Handwritten Numerals Recognition by Employing a Transfer Learned Deep Convolution Neural Network for Diverse Literature
Md. Mehedi Hasan, Azmain Yakin Srizon, Abu Sayeed, Md. Al Mehedi Hasan · 2020
Having around 6,500 languages worldwide, handwritten numerals recognition has been a domain of research for decades now as numerals are a common phenomenon among all these diverse languages. Previously, researchers have contributed significantly to recognize the handwritten numerals of diverse literature. Different approaches have been discovered to be feasible for language-specific numerals recognition.
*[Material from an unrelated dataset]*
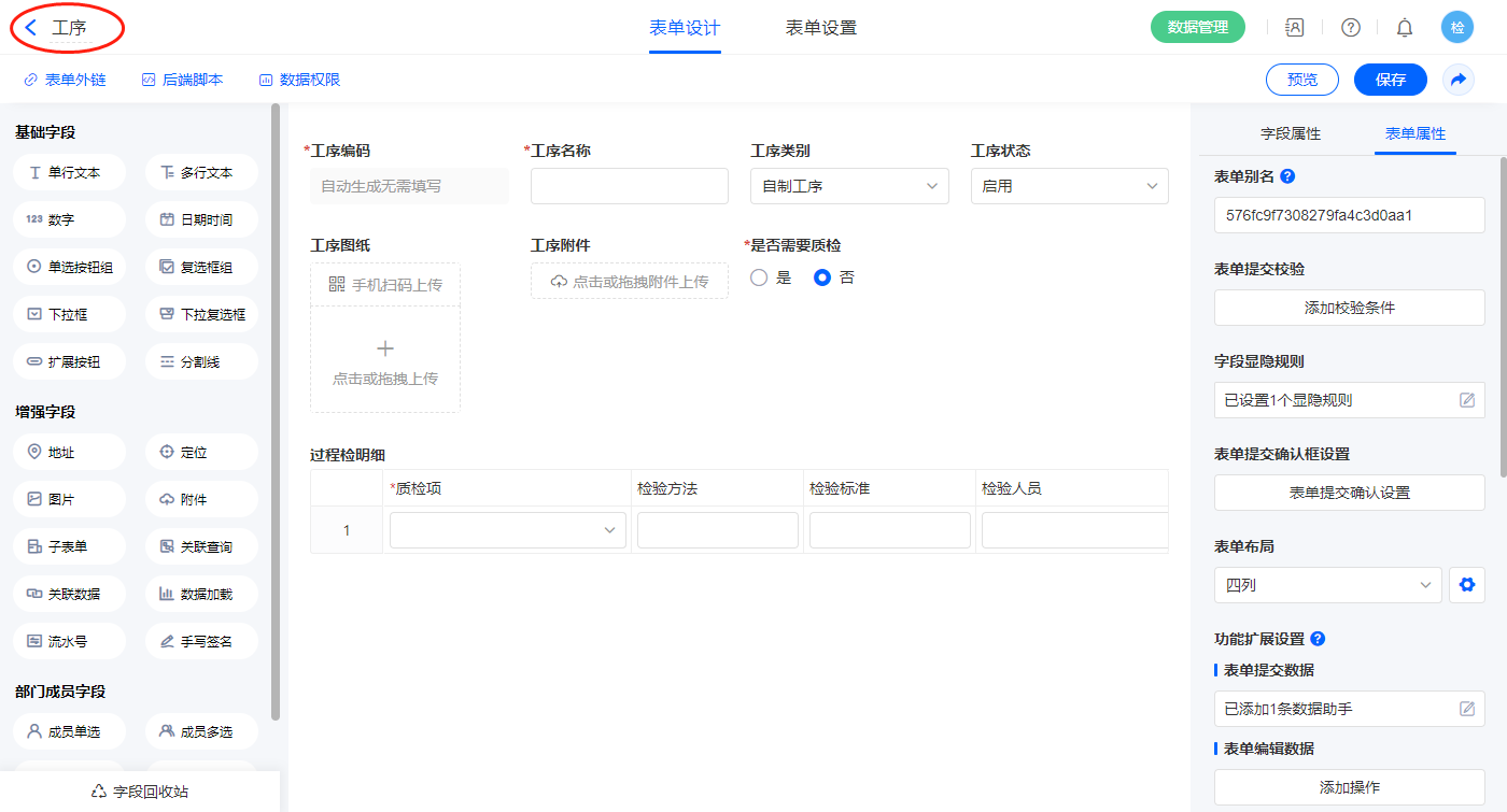 2.2、表单【工序】字段及表单属性设置
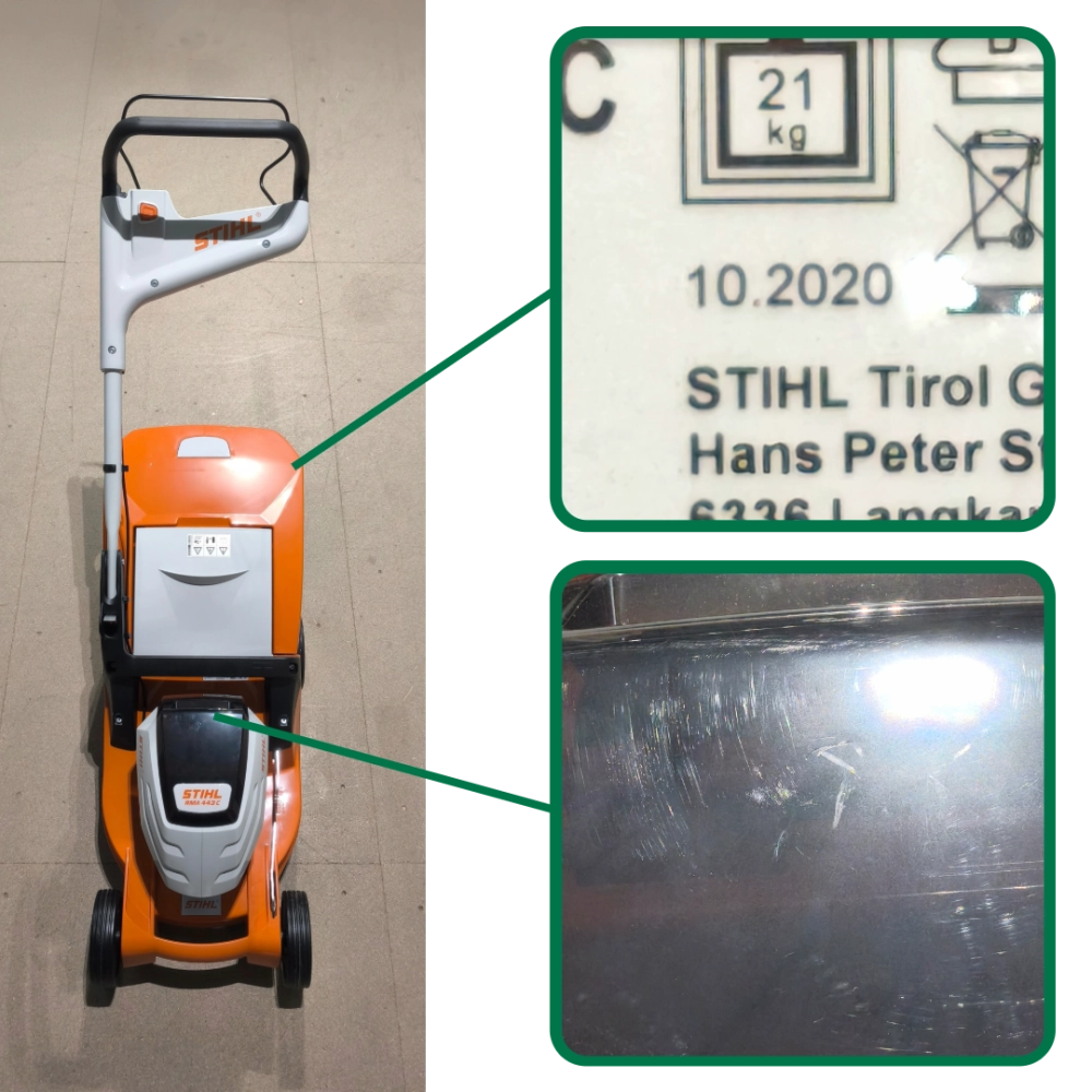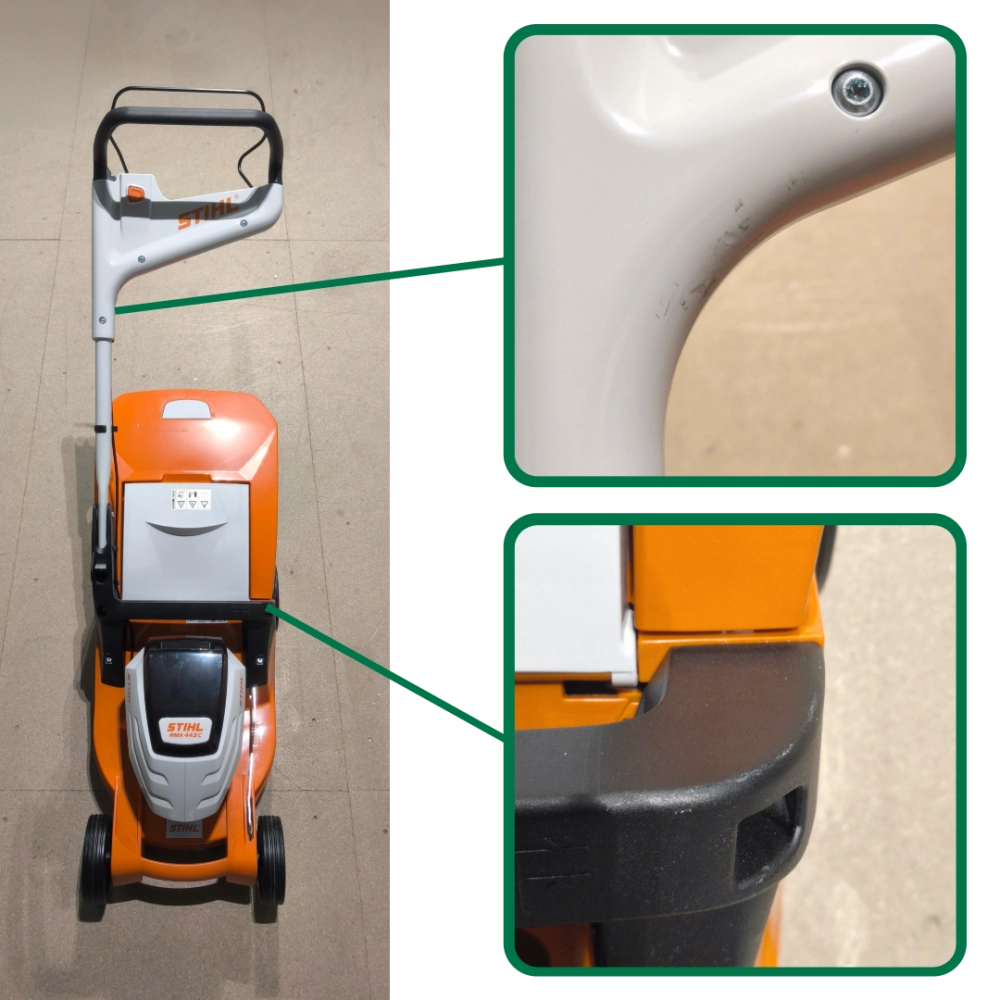 La tondeuse sans fil STIHL RMA 443 C dispose d’un moteur puissant avec une largeur de coupe de 41 cm et un guidon EasyBac réglable sans outils, intégrant un mode ECO pour optimiser l’autonomie des batteries STIHL AP et une lame à flux optimisé pour réduire la consommation d’énergie. Elle offre un réglage centralisé de la hauteur de coupe de 25 à 75 mm, un bac de ramassage de 55 L, tout en restant silencieuse, maniable et sans émission. Pratique, elle est compatible avec le kit mulching AMK 443 et équipée de tendeurs Quick-Fix pour un transport et un rangement faciles. . Compatible avec les batteries AP.

However, finding a common architecture to recognize numerals have been a goal from the very beginning. But despite having many efforts, discovering a common architecture for high recognition of numerals of diverse literature has always been a challenging task to solve and not many contributions have been made in this regard. Therefore, in this research, we focused on seven benchmark datasets of six languages and proposed a modified DenseNet-201 architecture. Our proposed architecture achieved an overall accuracy of 99.04%, 99.33%, 98.83%, 99.50%, 99.83%, 99.54%, and 99.74% for Bengali (CMATERdb 3.1.1), Devanagari (CMATERdb 3.2.1), Arabic (CMATERdb 3.3.1), Telugu (CMATERdb 3.4.1), Nepali, ARDIS II, and ARDIS III datasets respectively which outperformed all notable previous works by a noteworthy margin.